What happened
A Samsung Electronics union that represents workers in the company’s consumer electronics units has asked a South Korean court to prevent a scheduled vote on a recently negotiated pay agreement, saying it was denied the right to participate. The legal filing was announced on Tuesday after the union said it had been told it could not join the ratification process for the deal, which was mediated by the government and reached last week.
Context and the bargaining process
The government-mediated settlement averted an 18-day strike that would have involved 48,000 workers. The agreement allocates particularly large bonuses to staff in Samsung’s memory chip division - a part of the business that has benefited from a surge in profits tied to demand for artificial intelligence-related components.
Balloting among unionised employees began on Friday and is scheduled to finish on Wednesday morning. The Samsung Electronics Co Union (SECU), which counts roughly 13,000 members drawn mainly from smartphone, TV and home-appliance operations, said it left the negotiating team before the final agreement was struck and later sought the court injunction after being informed it could not participate in the vote.
How the vote works
The union leading negotiations, the Samsung Electronics Labor Union (SELU), reported on Tuesday that more than 90% of its 57,290 eligible members had cast their ballots. The union did not disclose how those ballots were cast. For the agreement to be approved under the rules in place, it requires a simple majority of eligible unionised members to vote in favour and a majority of those eligible members to take part in the vote; if those thresholds are not met, talks would have to be restarted from the beginning.
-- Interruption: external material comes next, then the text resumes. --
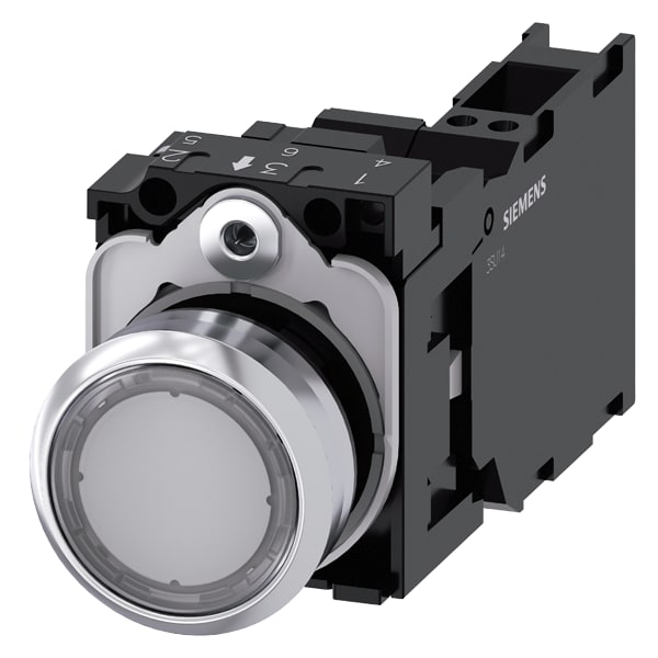 pulsante luminoso, 22 mm, rotondo, in metallo, lucido, trasparente, bottone, piatto, ad impulso, con supporto, 1 NO+1 NC, modulo LED con LED integrato AC 110 V, morsetto a molla Pulsanti luminosi SIRIUS ACT per la commutazione e il comando di utilizzatori elettrici. Siemens offre, sotto il nome commerciale SIRIUS ACT, un portfolio esclusivo di dispositivi di comando e segnalazione con omologazioni di prodotto per il mercato mondiale in tre moderne serie di design in robusto metallo puro e plastica pregiata.Linnovativo concetto di innesto a scatto semplifica talmente il montaggio che per eseguirlo basta una sola mano e non servono attrezzi speciali. Per i fori di montaggio sono sufficienti semplici fori non scanalati, essendo già integrata una protezione antirotazione al 100 %.Grazie al grado di protezione elevato i robusti apparecchi sono adatti allimpiego industriale e in ambiente esterno. È persino possibile la pulizia con getto ad alta pressione. Né polvere, né oli, né liscivia possono comprometterne il funzionamento affidabile.Oltre che con il cablaggio standard, gli apparecchi possono essere collegati al controllore anche tramite PROFINET, AS-Interface oppure IO-Link. Potete così ridurre il vostro onere di cablaggio, minimizzare le fonti di errore eottenere maggiore flessibilità.Il configuratore online grafico supporta in modo confortevole la scelta e lordinazione di singoli apparecchi, pulsantiere e iscrizioni. È disponibile una documentazione completa (ad es. manuale, dati 3D, schema di collegamento). Esecuzioni fornibili: più colori, luminoso/non luminoso, con/senza iscrizione, comando permanente/ad impulso, diverse altezze di bottone e ghiera. Avvertenza: Apparecchio completo, fornitura incl. supporto e moduli. SIRIUS ACT - Performance in Action nel comando e nella segnalazione. Semplici da montare, altamente performanti, semplicemente perfetti.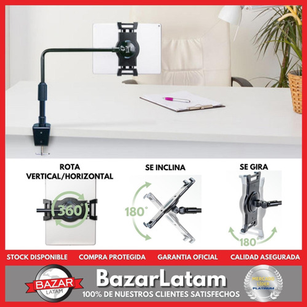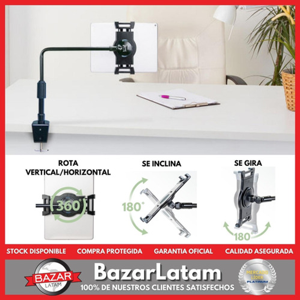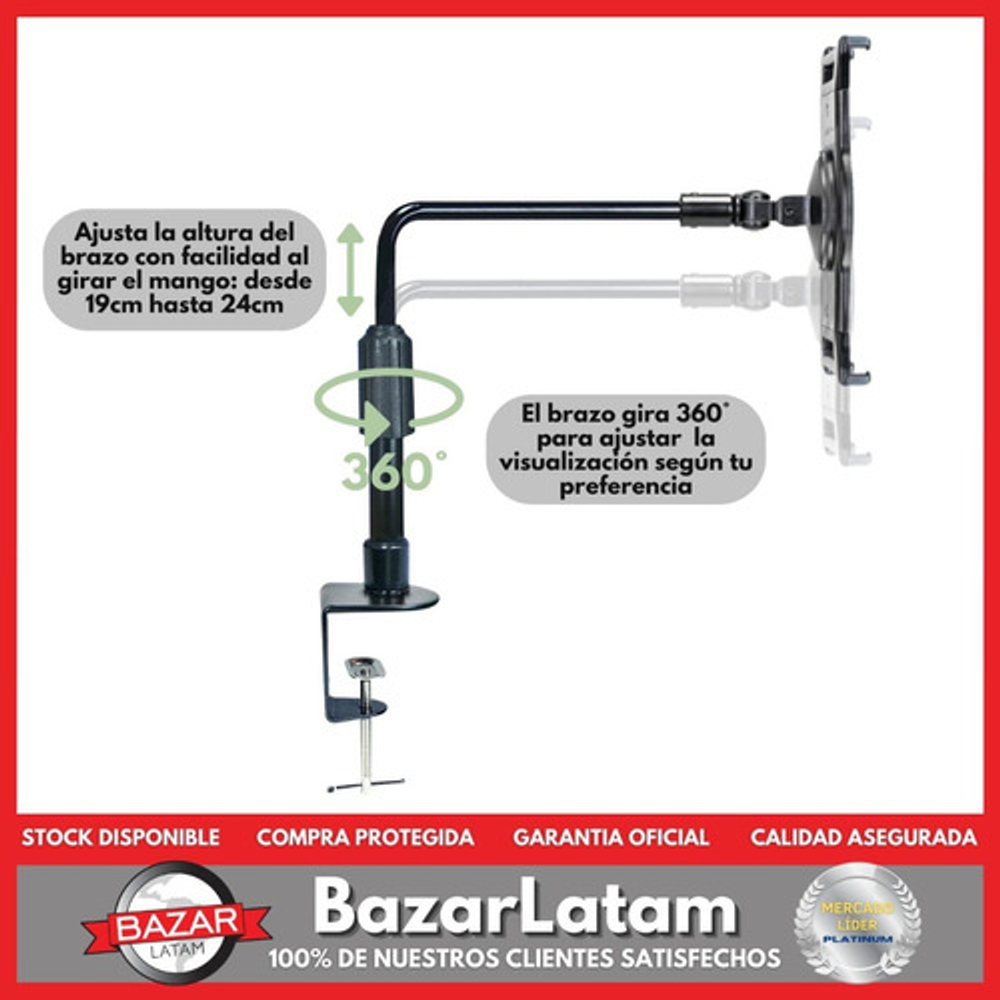 • Nuestro soporte se adapta a tablets que al menos uno de sus lados tenga entre 170 mm y 240 mm, abarcando una amplia variedad de dispositivos. • Altura ajustable: desde 19cm a 24cm, el poste ajustable te permite ajustar el ángulo de visión con facilidad. • Con un brazo de 37 cm de longitud, puedes colocar la tablet donde desees. • Ángulos personalizados: Disfruta de la libertad de ajustar la visión con rigidez perfecta. Gira 360º, inclínalo 180° hacia arriba y abajo, y también 180° hacia la izquierda y derecha. • Construcción robusta: Fabricado con una estructura metálica duradera y enganches de policarbonato resistente para una larga vida útil. • Fácil sujeción: La abrazadera de metal con revestimiento de goma protege tu escritorio y ofrece una sujeción firme hasta 5.5 cm de ancho.

A separate group, the National Samsung Electronics Union (NSEU), which has also expressed dissatisfaction with the terms, has said it will boycott the vote, according to a Yonhap report. The NSEU’s website lists around 20,000 members and includes workers from both chip and non-chip operations.
Breakdown of bonuses
The settlement privileges certain chip workers. Some memory chip employees are set to receive total bonuses of about $416,000 this year, according to the figures presented as part of the deal. Workers in Samsung’s foundry and logic chip design units would receive smaller, though still material, bonus payments, while employees in divisions such as smartphones and home appliances are slated to receive still smaller amounts.
Legal threats and market reaction
Beyond union litigation, a small group of individual shareholders has announced plans to sue if union members ratify the deal. Those shareholders contend parts of the agreement may be unlawful unless the terms receive shareholder approval.
On market floors, Samsung’s shares were reported up 2.7% in morning trade on the day of the report and the stock had gained nearly 9% since the deal was reached last week. That performance was noted as lagging a roughly 19% rise for rival SK Hynix over the same span.
Why this matters
The dispute underscores internal company tensions about how to allocate outsized gains from the AI-driven demand for memory chips. It also creates potential legal and procedural hurdles that could delay or overturn the negotiated settlement, depending on the outcome of court action and any subsequent shareholder litigation.
Note: This account is limited to the information contained in the negotiated agreement, union statements, and market movements reported during the voting period. If vote thresholds are not met, negotiations would need to restart.